Given material =
******
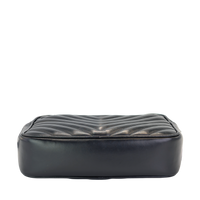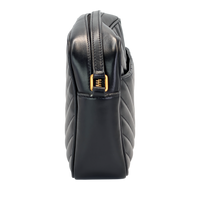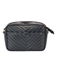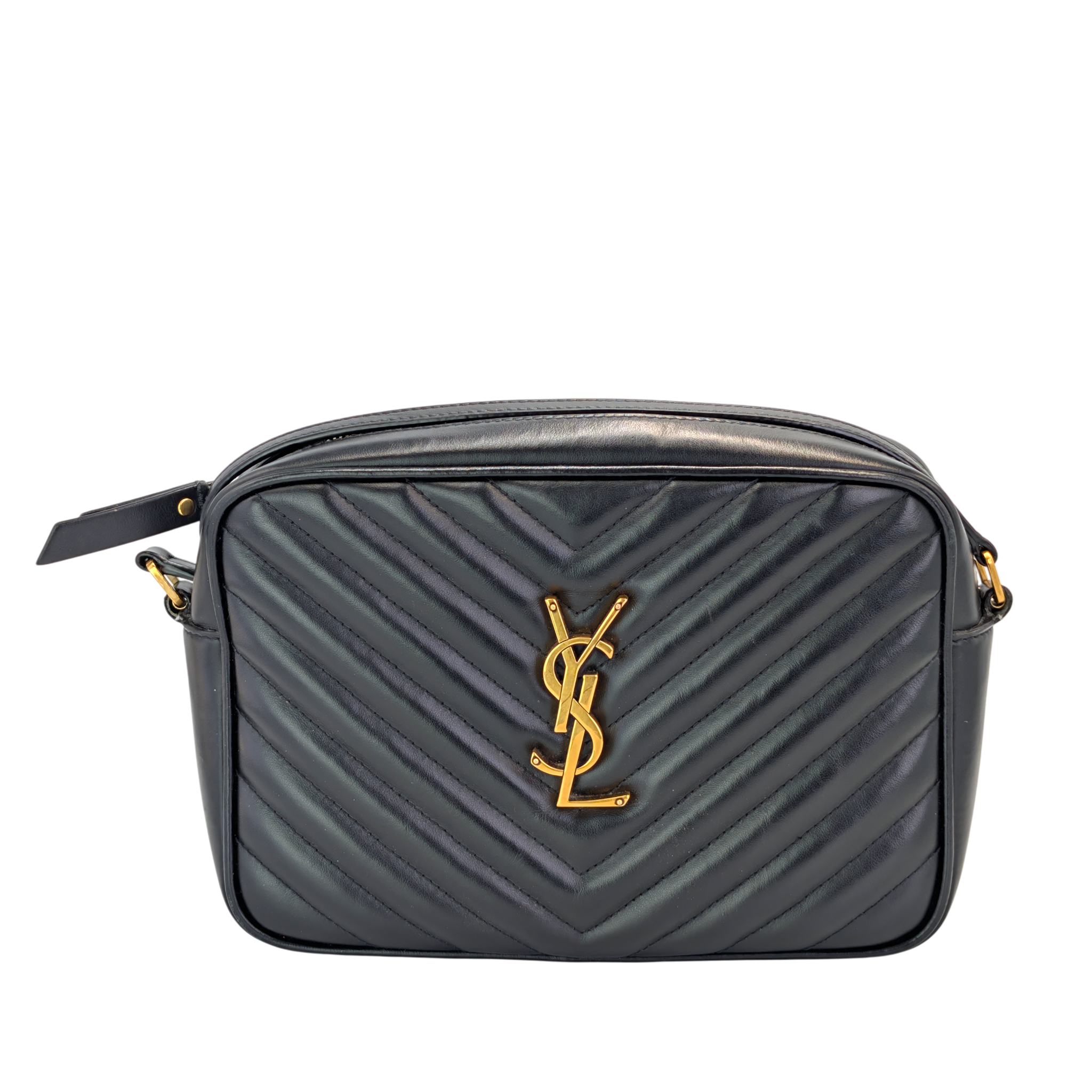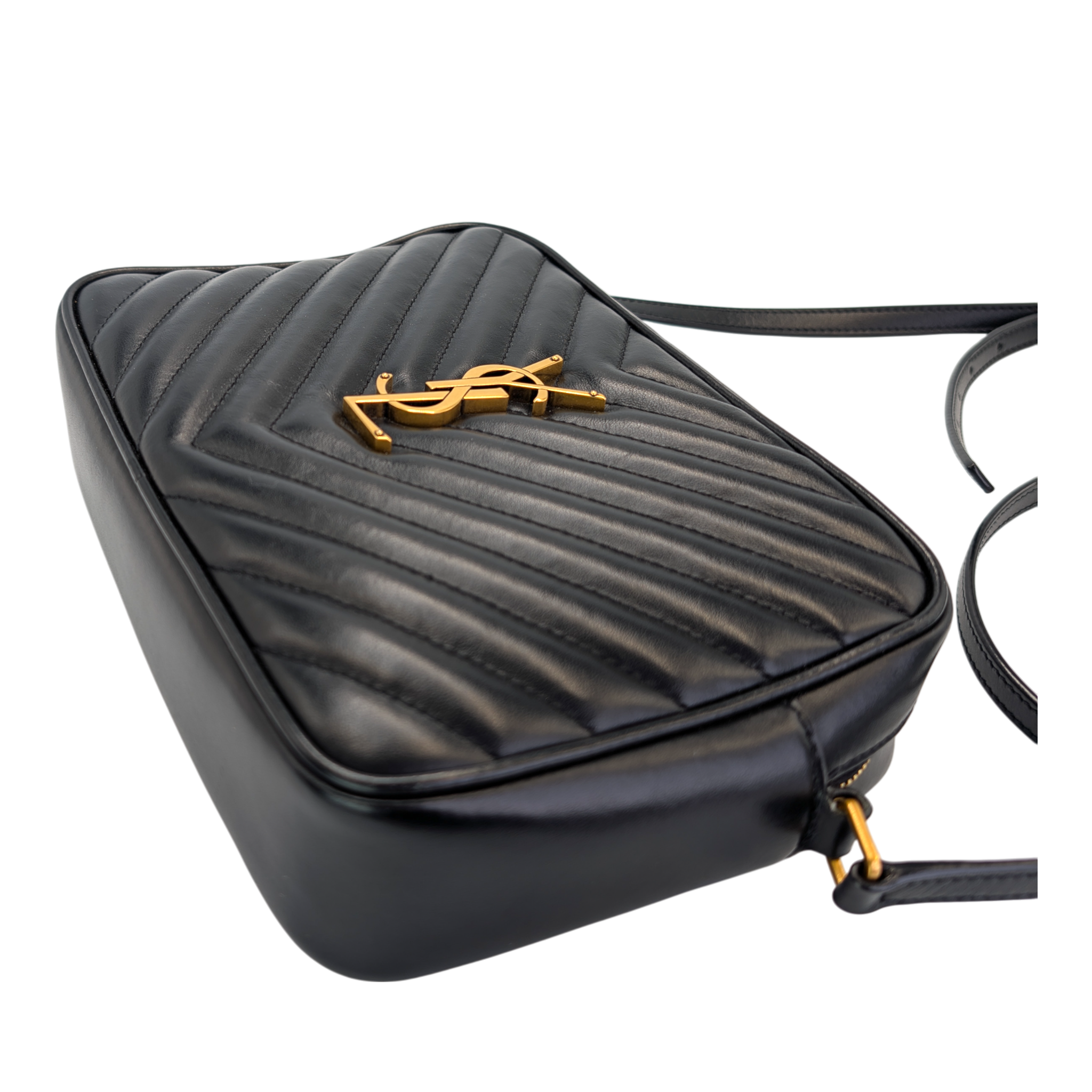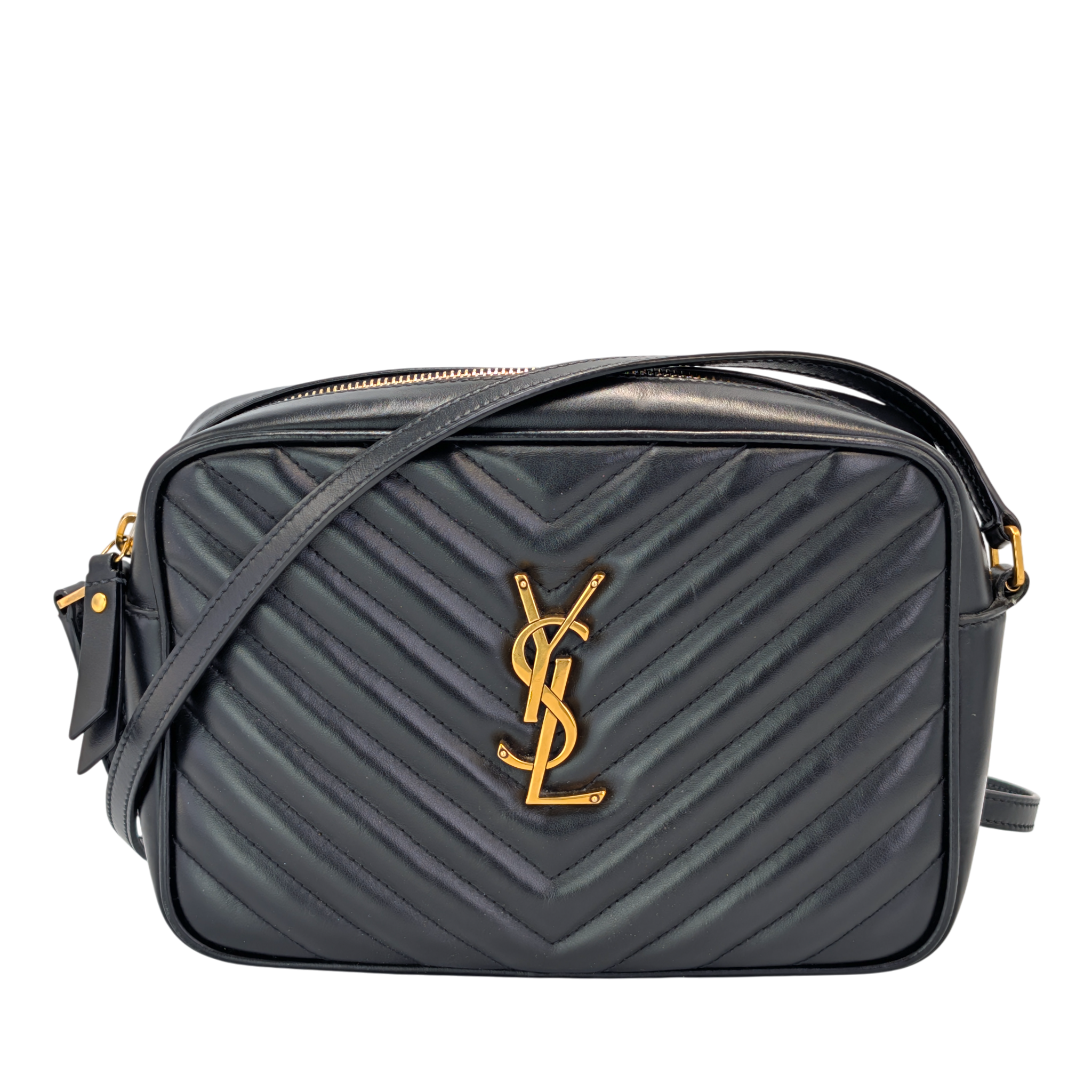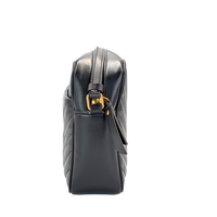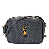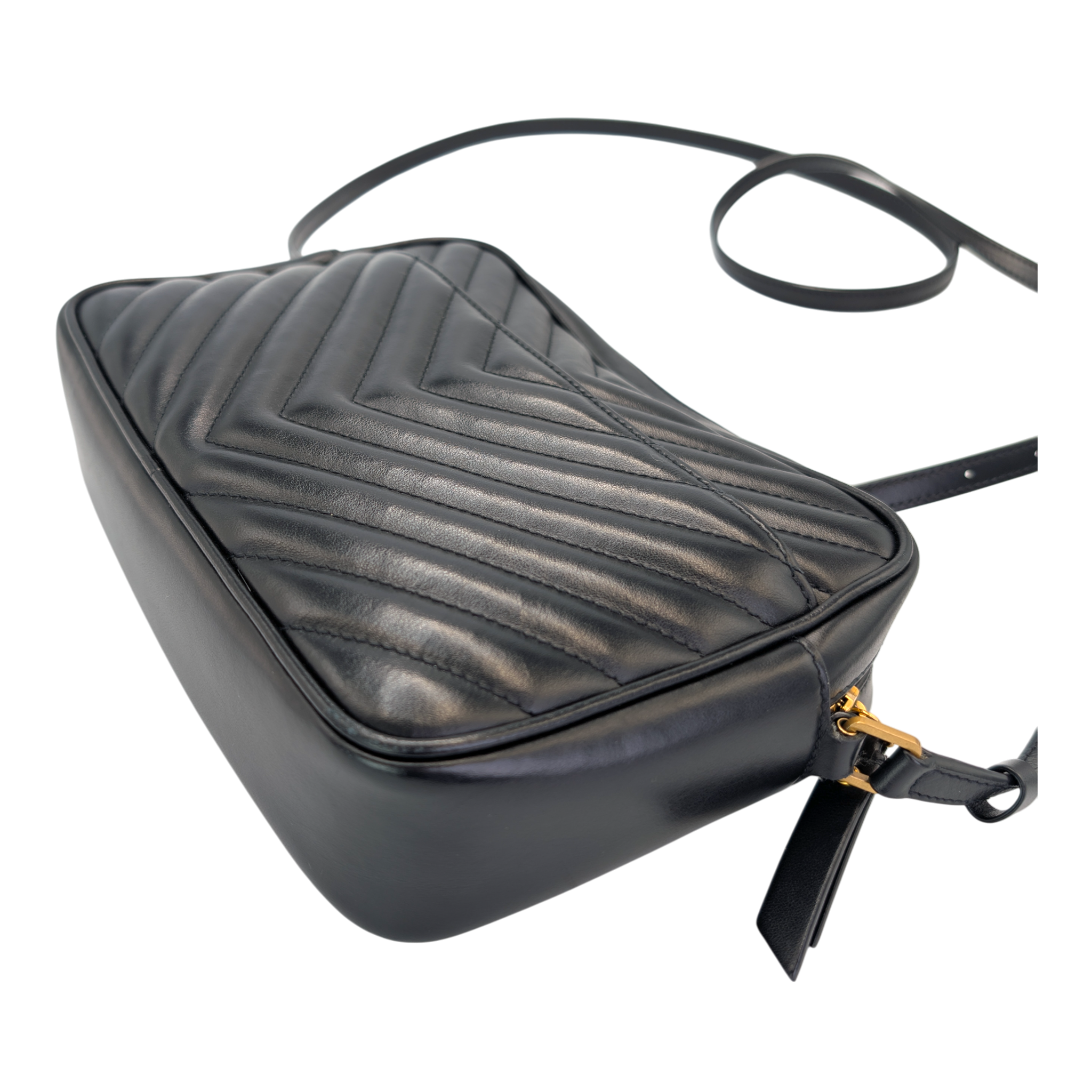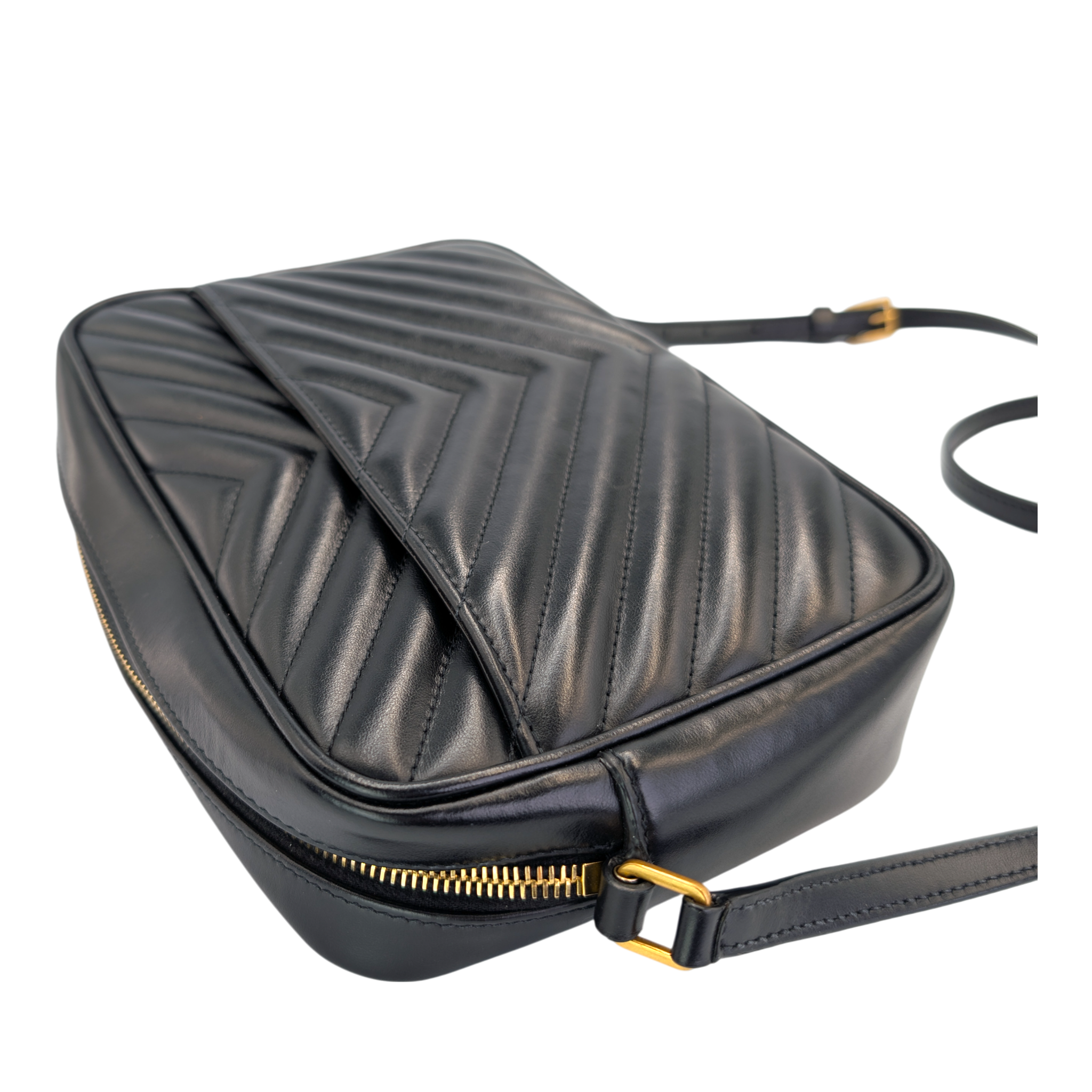 The Lou Camera Bag from Saint Laurent is made of black, quilted calfskin. It features an adjustable flat leather shoulder strap, a leather tassel and a top zip fastening.
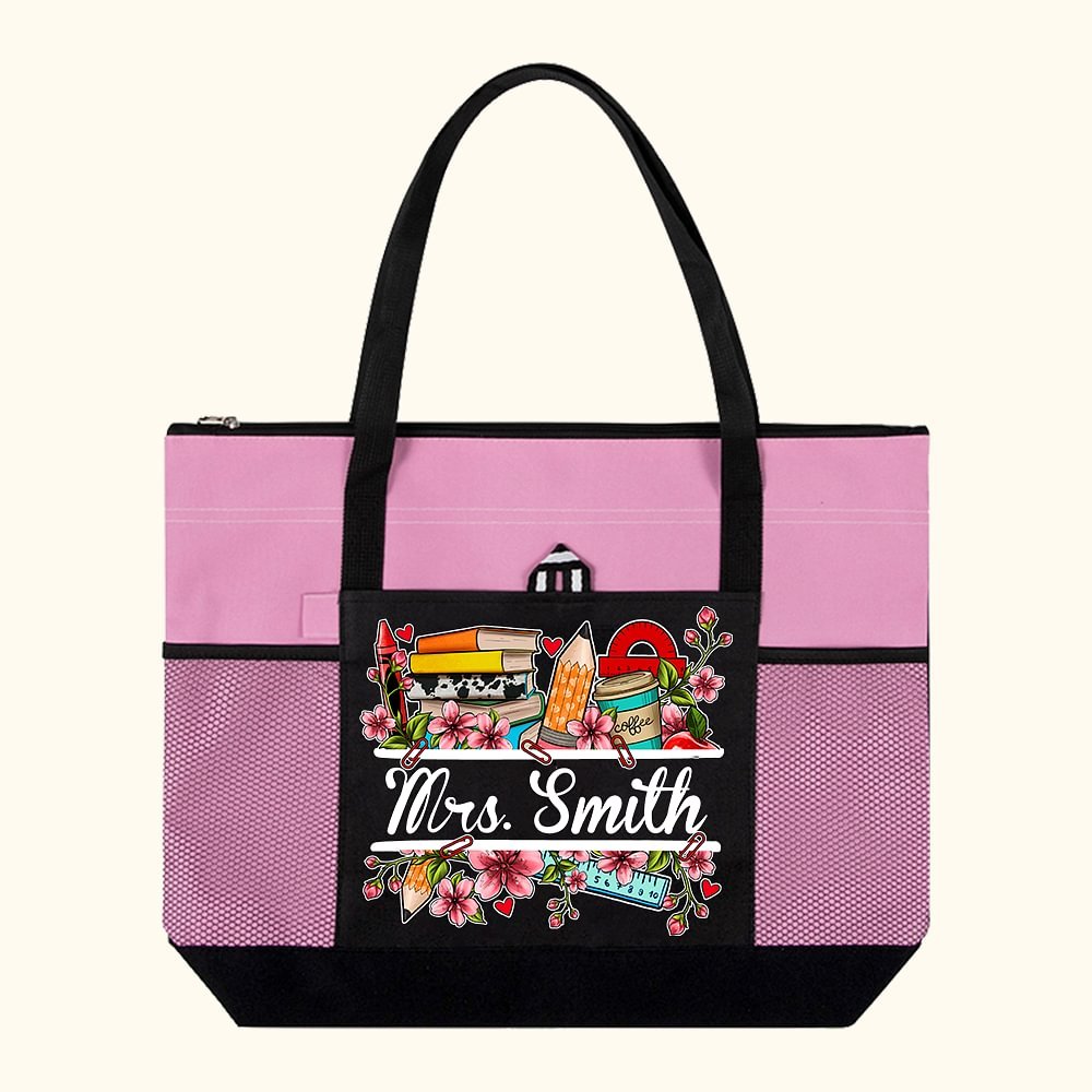 This flower stationery tote bag can be Personalised with the teacher's name, making it a special and one-of-a-kind gift. The customization adds a personal style, allowing teachers to proudly showcase their dedication to education while carrying their belongings in style.
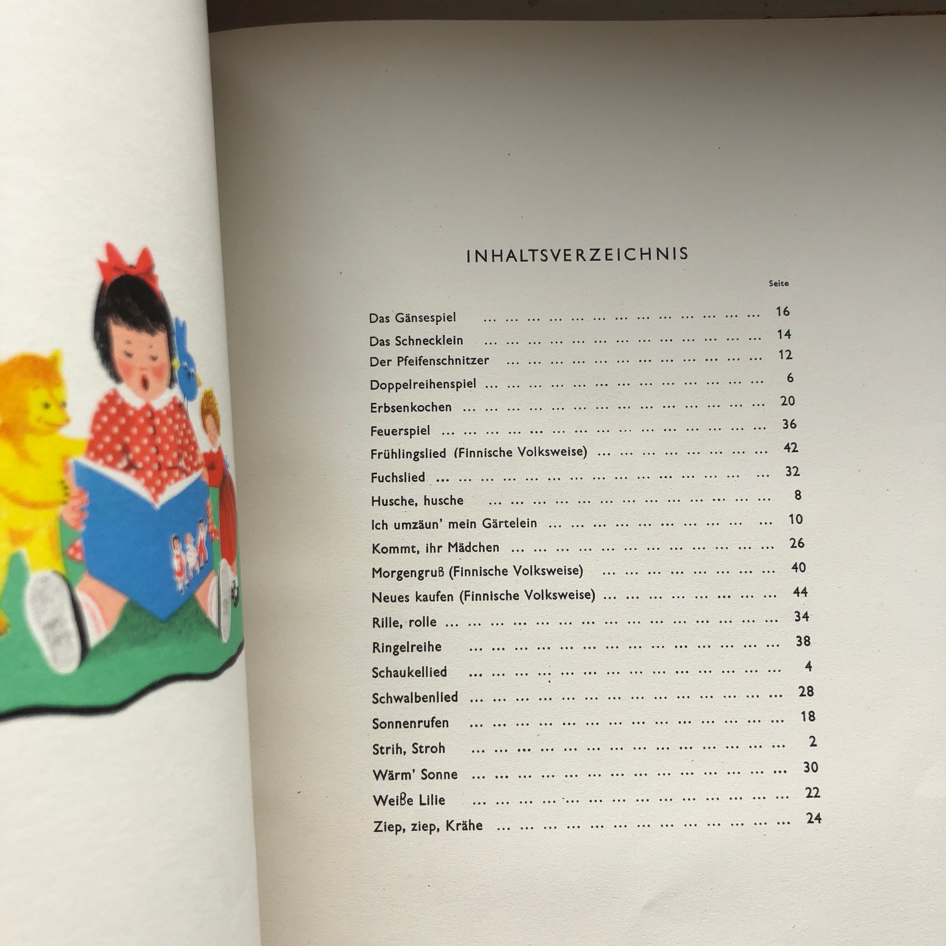 ブタペスト生まれのグラフィックアーティスト兼イラストレーターであるKato Lukats-Kaeszによる生き生きとした子供たちのイラストが魅力的なこちらの本は、歌と踊りのために歌詞と楽譜が紹介されています。
******
Exercise description = Every line above should be copied exactly; do not carry over the pictures.

Exercise solution =
 The Lou Camera Bag from Saint Laurent is made of black, quilted calfskin. It features an adjustable flat leather shoulder strap, a leather tassel and a top zip fastening.
 This flower stationery tote bag can be Personalised with the teacher's name, making it a special and one-of-a-kind gift. The customization adds a personal style, allowing teachers to proudly showcase their dedication to education while carrying their belongings in style.
 ブタペスト生まれのグラフィックアーティスト兼イラストレーターであるKato Lukats-Kaeszによる生き生きとした子供たちのイラストが魅力的なこちらの本は、歌と踊りのために歌詞と楽譜が紹介されています。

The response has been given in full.